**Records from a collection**
════════════════════

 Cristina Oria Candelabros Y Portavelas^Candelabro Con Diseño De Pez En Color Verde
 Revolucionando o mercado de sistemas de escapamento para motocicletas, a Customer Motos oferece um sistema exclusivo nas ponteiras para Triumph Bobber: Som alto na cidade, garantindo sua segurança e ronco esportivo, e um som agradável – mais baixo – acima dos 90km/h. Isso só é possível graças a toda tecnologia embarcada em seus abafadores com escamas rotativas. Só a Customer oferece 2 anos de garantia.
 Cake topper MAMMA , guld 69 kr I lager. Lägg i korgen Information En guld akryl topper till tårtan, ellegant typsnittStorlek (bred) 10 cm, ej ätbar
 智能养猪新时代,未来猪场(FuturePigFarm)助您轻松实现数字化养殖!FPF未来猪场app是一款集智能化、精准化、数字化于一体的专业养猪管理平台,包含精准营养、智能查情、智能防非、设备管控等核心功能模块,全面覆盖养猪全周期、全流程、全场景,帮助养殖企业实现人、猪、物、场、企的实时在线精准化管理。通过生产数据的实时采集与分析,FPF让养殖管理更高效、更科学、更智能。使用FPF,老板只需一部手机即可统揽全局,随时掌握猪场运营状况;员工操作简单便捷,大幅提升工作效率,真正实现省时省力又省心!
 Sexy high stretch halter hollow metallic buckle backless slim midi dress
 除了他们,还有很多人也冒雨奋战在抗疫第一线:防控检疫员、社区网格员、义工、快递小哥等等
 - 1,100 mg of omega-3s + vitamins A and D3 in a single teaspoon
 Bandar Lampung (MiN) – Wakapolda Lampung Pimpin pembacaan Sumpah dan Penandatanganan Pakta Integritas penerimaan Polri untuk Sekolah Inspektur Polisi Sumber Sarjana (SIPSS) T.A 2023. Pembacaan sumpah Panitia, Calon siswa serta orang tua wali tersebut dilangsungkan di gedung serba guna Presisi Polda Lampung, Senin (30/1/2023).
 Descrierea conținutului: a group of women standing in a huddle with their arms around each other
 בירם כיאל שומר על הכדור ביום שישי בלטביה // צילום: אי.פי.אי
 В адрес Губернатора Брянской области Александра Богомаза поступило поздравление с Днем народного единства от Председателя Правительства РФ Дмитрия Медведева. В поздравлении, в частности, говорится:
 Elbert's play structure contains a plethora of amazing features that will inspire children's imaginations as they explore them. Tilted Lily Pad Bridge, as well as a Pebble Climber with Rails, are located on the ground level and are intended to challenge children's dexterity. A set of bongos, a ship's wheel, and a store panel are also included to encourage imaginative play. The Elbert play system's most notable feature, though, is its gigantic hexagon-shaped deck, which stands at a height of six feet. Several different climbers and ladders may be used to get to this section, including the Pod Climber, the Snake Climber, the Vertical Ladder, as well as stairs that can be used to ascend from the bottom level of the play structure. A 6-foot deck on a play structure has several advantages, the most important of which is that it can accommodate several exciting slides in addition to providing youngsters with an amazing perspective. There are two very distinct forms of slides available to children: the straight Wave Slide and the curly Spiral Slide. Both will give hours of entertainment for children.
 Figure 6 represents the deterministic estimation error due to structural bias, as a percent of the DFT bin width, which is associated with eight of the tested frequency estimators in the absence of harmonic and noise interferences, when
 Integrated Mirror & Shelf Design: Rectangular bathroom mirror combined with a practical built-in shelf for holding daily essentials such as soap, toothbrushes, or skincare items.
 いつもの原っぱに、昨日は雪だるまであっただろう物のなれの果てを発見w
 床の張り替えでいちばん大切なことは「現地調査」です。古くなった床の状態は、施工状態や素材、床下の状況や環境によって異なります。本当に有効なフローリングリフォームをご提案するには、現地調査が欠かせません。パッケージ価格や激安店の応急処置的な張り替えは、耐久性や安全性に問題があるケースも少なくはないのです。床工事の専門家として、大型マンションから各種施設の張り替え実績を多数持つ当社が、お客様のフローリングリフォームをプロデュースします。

════════════════════

**TASK ITEM**
Transcribe the entries above so that nothing in them differs from the original.

**WRITTEN ANSWER**
 Cristina Oria Candelabros Y Portavelas^Candelabro Con Diseño De Pez En Color Verde
 Revolucionando o mercado de sistemas de escapamento para motocicletas, a Customer Motos oferece um sistema exclusivo nas ponteiras para Triumph Bobber: Som alto na cidade, garantindo sua segurança e ronco esportivo, e um som agradável – mais baixo – acima dos 90km/h. Isso só é possível graças a toda tecnologia embarcada em seus abafadores com escamas rotativas. Só a Customer oferece 2 anos de garantia.
 Cake topper MAMMA , guld 69 kr I lager. Lägg i korgen Information En guld akryl topper till tårtan, ellegant typsnittStorlek (bred) 10 cm, ej ätbar
 智能养猪新时代,未来猪场(FuturePigFarm)助您轻松实现数字化养殖!FPF未来猪场app是一款集智能化、精准化、数字化于一体的专业养猪管理平台,包含精准营养、智能查情、智能防非、设备管控等核心功能模块,全面覆盖养猪全周期、全流程、全场景,帮助养殖企业实现人、猪、物、场、企的实时在线精准化管理。通过生产数据的实时采集与分析,FPF让养殖管理更高效、更科学、更智能。使用FPF,老板只需一部手机即可统揽全局,随时掌握猪场运营状况;员工操作简单便捷,大幅提升工作效率,真正实现省时省力又省心!
 Sexy high stretch halter hollow metallic buckle backless slim midi dress
 除了他们,还有很多人也冒雨奋战在抗疫第一线:防控检疫员、社区网格员、义工、快递小哥等等
 - 1,100 mg of omega-3s + vitamins A and D3 in a single teaspoon
 Bandar Lampung (MiN) – Wakapolda Lampung Pimpin pembacaan Sumpah dan Penandatanganan Pakta Integritas penerimaan Polri untuk Sekolah Inspektur Polisi Sumber Sarjana (SIPSS) T.A 2023. Pembacaan sumpah Panitia, Calon siswa serta orang tua wali tersebut dilangsungkan di gedung serba guna Presisi Polda Lampung, Senin (30/1/2023).
 Descrierea conținutului: a group of women standing in a huddle with their arms around each other
 בירם כיאל שומר על הכדור ביום שישי בלטביה // צילום: אי.פי.אי
 В адрес Губернатора Брянской области Александра Богомаза поступило поздравление с Днем народного единства от Председателя Правительства РФ Дмитрия Медведева. В поздравлении, в частности, говорится:
 Elbert's play structure contains a plethora of amazing features that will inspire children's imaginations as they explore them. Tilted Lily Pad Bridge, as well as a Pebble Climber with Rails, are located on the ground level and are intended to challenge children's dexterity. A set of bongos, a ship's wheel, and a store panel are also included to encourage imaginative play. The Elbert play system's most notable feature, though, is its gigantic hexagon-shaped deck, which stands at a height of six feet. Several different climbers and ladders may be used to get to this section, including the Pod Climber, the Snake Climber, the Vertical Ladder, as well as stairs that can be used to ascend from the bottom level of the play structure. A 6-foot deck on a play structure has several advantages, the most important of which is that it can accommodate several exciting slides in addition to providing youngsters with an amazing perspective. There are two very distinct forms of slides available to children: the straight Wave Slide and the curly Spiral Slide. Both will give hours of entertainment for children.
 Figure 6 represents the deterministic estimation error due to structural bias, as a percent of the DFT bin width, which is associated with eight of the tested frequency estimators in the absence of harmonic and noise interferences, when
 Integrated Mirror & Shelf Design: Rectangular bathroom mirror combined with a practical built-in shelf for holding daily essentials such as soap, toothbrushes, or skincare items.
 いつもの原っぱに、昨日は雪だるまであっただろう物のなれの果てを発見w
 床の張り替えでいちばん大切なことは「現地調査」です。古くなった床の状態は、施工状態や素材、床下の状況や環境によって異なります。本当に有効なフローリングリフォームをご提案するには、現地調査が欠かせません。パッケージ価格や激安店の応急処置的な張り替えは、耐久性や安全性に問題があるケースも少なくはないのです。床工事の専門家として、大型マンションから各種施設の張り替え実績を多数持つ当社が、お客様のフローリングリフォームをプロデュースします。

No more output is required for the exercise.